Lazy parsing with Stanford CoreNLP to get sentiment only of specific sentences

1.3k views Asked by At

I am looking for ways to optimize the performance of my Stanford CoreNLP sentiment pipeline. As a result, a want to get sentiment of sentences but only those which contain specific keywords given as an input.

I have tried two approaches:

Approach 1: StanfordCoreNLP pipeline annotating entire text with sentiment

I have defined a pipeline of annotators: tokenize, ssplit, parse, sentiment. I have run it on entire article, then looked for keywords in each sentence and, if they were present, run a method returning keyword value. I was not satisfied though that processing takes a couple of seconds.

This is the code:

List<String> keywords = ...;
String text = ...;
Map<Integer,Integer> sentenceSentiment = new HashMap<>();

Properties props = new Properties();
props.setProperty("annotators", "tokenize, ssplit, parse, sentiment");
props.setProperty("parse.maxlen", "20");
props.setProperty("tokenize.options", "untokenizable=noneDelete");
StanfordCoreNLP pipeline = new StanfordCoreNLP(props);

Annotation annotation = pipeline.process(text); // takes 2 seconds!!!!
List<CoreMap> sentences = annotation.get(CoreAnnotations.SentencesAnnotation.class);
for (int i=0; i<sentences.size(); i++) {
    CoreMap sentence = sentences.get(i);
    if(sentenceContainsKeywords(sentence,keywords) {
        int sentiment = RNNCoreAnnotations.getPredictedClass(sentence.get(SentimentCoreAnnotations.SentimentAnnotatedTree.class));
        sentenceSentiment.put(sentence,sentiment);
    }
}

Approach 2: StanfordCoreNLP pipeline annotating entire text with sentences, separate annotators running on sentences of interest

Because of the weak performance of the first solution, I have defined the second solution. I have defined a pipeline with annotators: tokenize, ssplit. I looked for keywords in each sentence and, if they were present, I have created an annotation only for this sentence and run next annotators on it: ParserAnnotator, BinarizerAnnotator and SentimentAnnotator.

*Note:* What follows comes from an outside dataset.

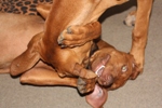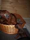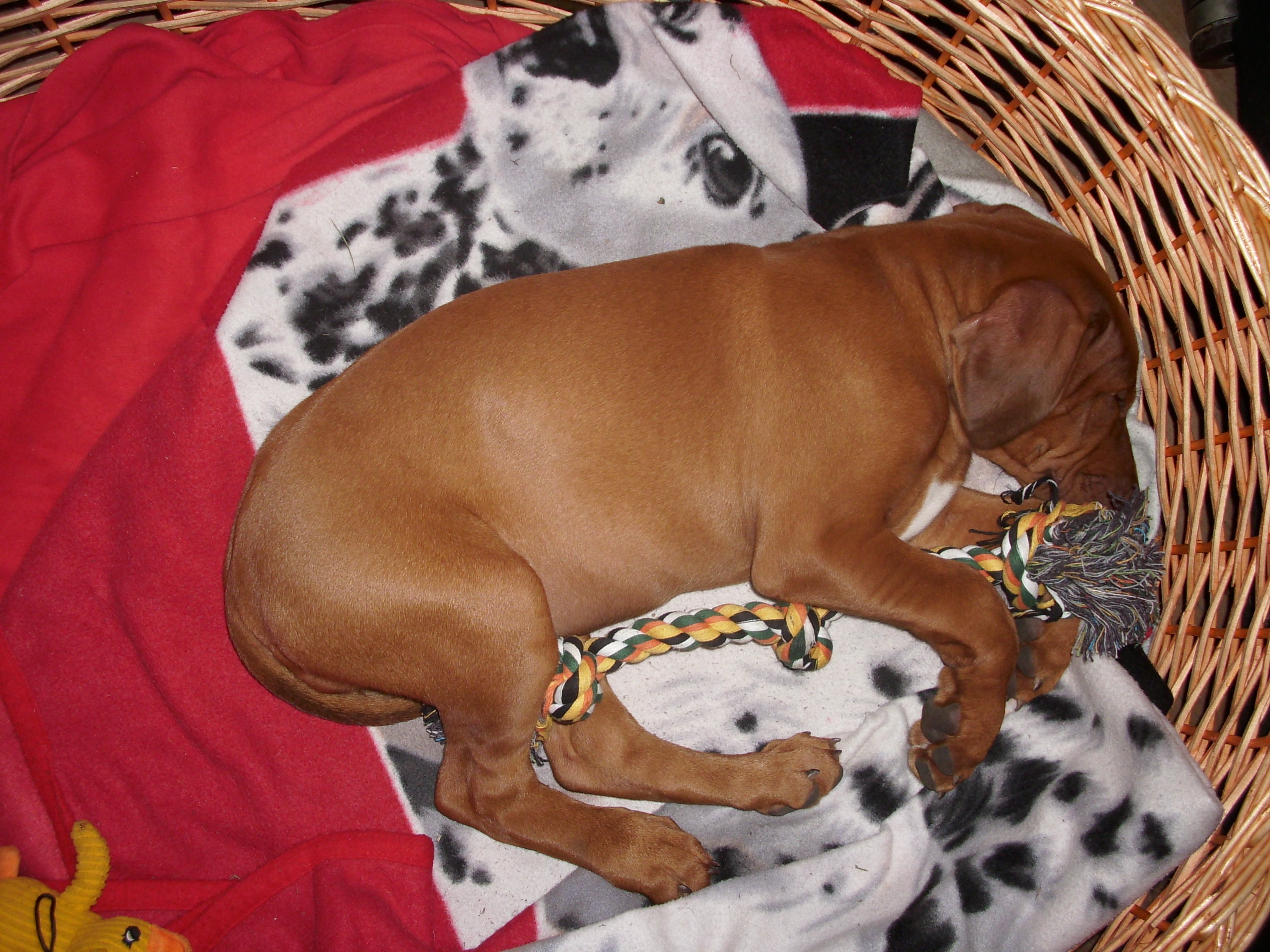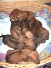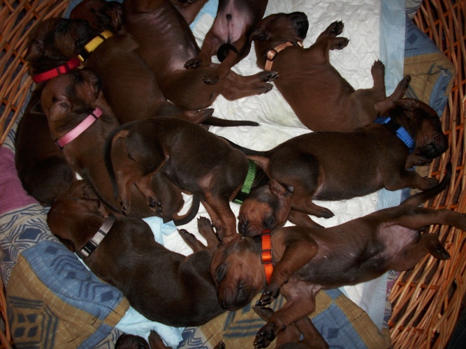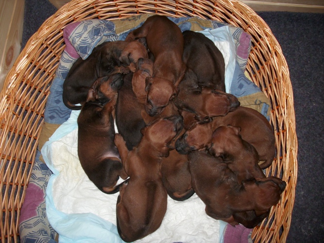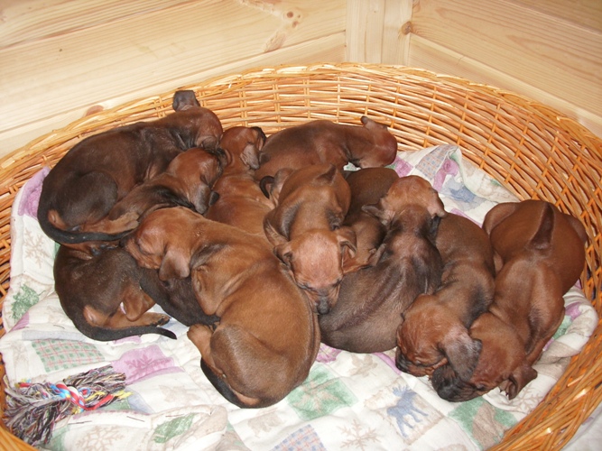 Je to jisté. Máme tu vrh B. Stejně jako u Aček jsme hledali naprosto nepříbuzného pejska. Protože se nám osvědčilo krytí hnědonosým, má i náš budoucí otec vlohu pro HN. Výhodou tohoto spojení je velice pěkná barva a minimum černých chloupků v srsti a její celková kvalita. Přes svůj věk už má Luis za sebou velkou řádku výstavních úspěchů a to nejen v naší republice. Doufáme, že i tentokrát se nám podaří spojení, ze kterého vzejdou typičtí červenopšeniční RR, s milou povahou a vlohami pro jakýkoli typ výcviku nebo pro sportovní vyžití své či svého páníčka. Pokud máte zájem o štěňátko z tohoto spojení ozvěte se.

The results were really unsatisfying because of ParserAnnotator. Even if I initialized it with the same properties. Sometimes it took even more time than entire pipeline run on a document in Approach 1.

List<String> keywords = ...;
String text = ...;
Map<Integer,Integer> sentenceSentiment = new HashMap<>();

Properties props = new Properties();
props.setProperty("annotators", "tokenize, ssplit"); // parsing, sentiment removed
props.setProperty("parse.maxlen", "20");
props.setProperty("tokenize.options", "untokenizable=noneDelete");
StanfordCoreNLP pipeline = new StanfordCoreNLP(props);

// initiation of annotators to be run on sentences
ParserAnnotator parserAnnotator = new ParserAnnotator("pa", props);
BinarizerAnnotator  binarizerAnnotator = new BinarizerAnnotator("ba", props);
SentimentAnnotator sentimentAnnotator = new SentimentAnnotator("sa", props);

Annotation annotation = pipeline.process(text); // takes <100 ms
List<CoreMap> sentences = annotation.get(CoreAnnotations.SentencesAnnotation.class);
for (int i=0; i<sentences.size(); i++) {
    CoreMap sentence = sentences.get(i);
    if(sentenceContainsKeywords(sentence,keywords) {
        // code required to perform annotation on one sentence
        List<CoreMap> listWithSentence = new ArrayList<CoreMap>();
        listWithSentence.add(sentence);
        Annotation sentenceAnnotation  = new Annotation(listWithSentence);

        parserAnnotator.annotate(sentenceAnnotation); // takes 50 ms up to 2 seconds!!!!
        binarizerAnnotator.annotate(sentenceAnnotation);
        sentimentAnnotator.annotate(sentenceAnnotation);
        sentence = sentenceAnnotation.get(CoreAnnotations.SentencesAnnotation.class).get(0);

        int sentiment = RNNCoreAnnotations.getPredictedClass(sentence.get(SentimentCoreAnnotations.SentimentAnnotatedTree.class));
        sentenceSentiment.put(sentence,sentiment);
    }
}

Questions

  1. I wonder why parsing in CoreNLP is not "lazy"? (In my example that would mean: performed only when sentiment on a sentence is called). Is it from performance reasons?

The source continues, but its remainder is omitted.